Your goal:
For the data below, report how many lines include the word "calibration", and write nothing else.

Data shown:
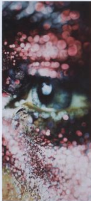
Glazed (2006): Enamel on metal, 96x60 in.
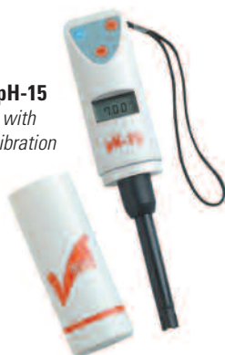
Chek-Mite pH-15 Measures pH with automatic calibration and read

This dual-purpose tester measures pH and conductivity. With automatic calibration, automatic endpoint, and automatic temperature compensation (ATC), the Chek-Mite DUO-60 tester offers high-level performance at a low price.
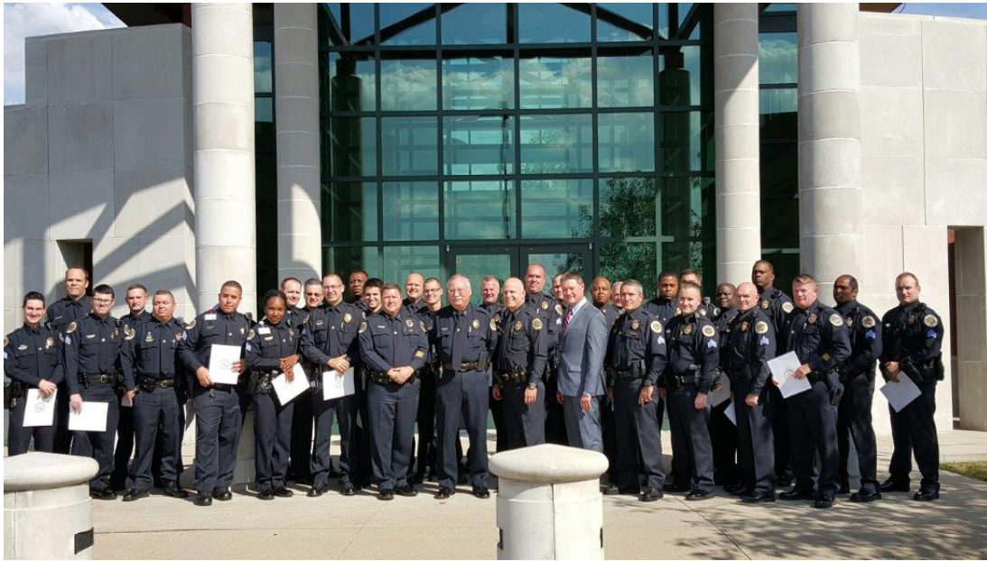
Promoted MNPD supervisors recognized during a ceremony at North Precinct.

Answer box:
2